The biggest pain I've run into is the fact that MacOS gives the user very little (almost no) control over the power/performance state of the machine. I guess this is user-friendly, as Apple magically figures out how best to clock the CPU and GPU up and down to save power, but it turns out that Apple is doing this really badly for Anukari's use case.
From what I can tell, Apple's GPU clock throttling is based on something akin to a load average. This is a concept I originally ran into from Unix, where the load average is, roughly speaking, the average number of threads that are awaiting execution at any moment. If this number is higher than the number of CPU cores, it means that there's a backlog: there are regularly threads that want to run, but can't.
On the Apple GPU, it seems that the OS won't clock it up until there's a command queue with a high load average. Which makes sense for throughput-sensitive use cases, but doesn't work at all for a latency-sensitive use case. For example, for graphics, as long as the command queue isn't backing up (load average > 1), there's no need to up-clock the GPU: it is keeping up. But for Anukari, this heuristic doesn't work, because if it ever hits a load average even close to 1, that means that there's no wallclock time left over for e.g. the DAW to process the audio block, etc. It's already too late, and audio glitches are regularly occurring even at something like 0.8.
This is a serious problem. I asked on the Apple Developer Forums (optimistic, I know), and though I did get a thoughtful response, it wasn't from an Apple developer, and it didn't help anyway. I ran numerous experiments with queuing more simulation kernels in advance, but ultimately none of these ideas helped, because ultimately I can't really generate audio in advance because I need up-to-date MIDI input, etc.

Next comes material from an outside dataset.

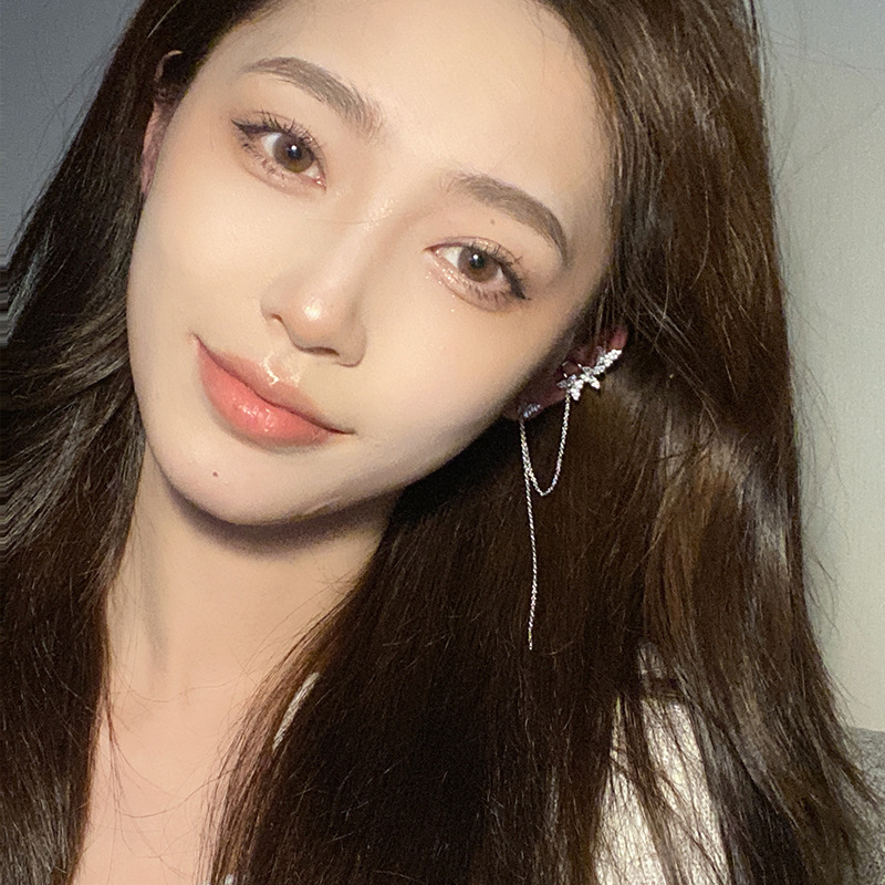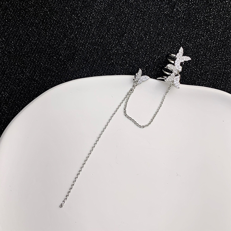锆石蝴蝶流苏耳钉耳骨夹一体式甜美耳环ins潮小众设计感长款耳饰

Ultimately, the solution that I am going with is probably the stupidest code that I will have ever shipped to production in my career: Anukari is dedicating one GPU threadgroup warp to useless computation, simply to keep it fully saturated to communicate to the OS that the GPU needs to be up-clocked. So in this case, waste makes haste.
But while this is incredibly stupid, it is also incredibly effective. I got it working with the minimal amount of power usage by dedicating the smallest amount of compute possible to spinning (not even a whole threadgroup, just one warp). And it immediately gets the OS to clock up the GPU, which decreases the audio computation latency by about 40%.
My new golden test latency stats framework doesn't show as much of a gain as I see when using the plugin, because it was already running the GPU with smaller gaps, as it doesn't need to wait for real time to render the audio. But even in the tests, the performance improvement is dramatic. In this graph you can see the overall real time ratio for the tests. The huge drop at iteration 15 is where I implemented the GPU spin:
Here is a graph with all the tests broken out individually:
At this point, on my Macbook M1, the standalone app performance is very usable, even for quite complicated presets like the slinky-resocube.
But... of course nothing is ever simple, and somehow while these fantastic performance gains are very observable when running as a VST3 plugin in Ableton, they are not nearly as visible when running as an AU plugin in GarageBand. I don't know what is up here, but it needs to be the next performance issue that I address, because if I can get past this, I might have performance at a "good enough" level on MacOS to start spending my time elsewhere for a while.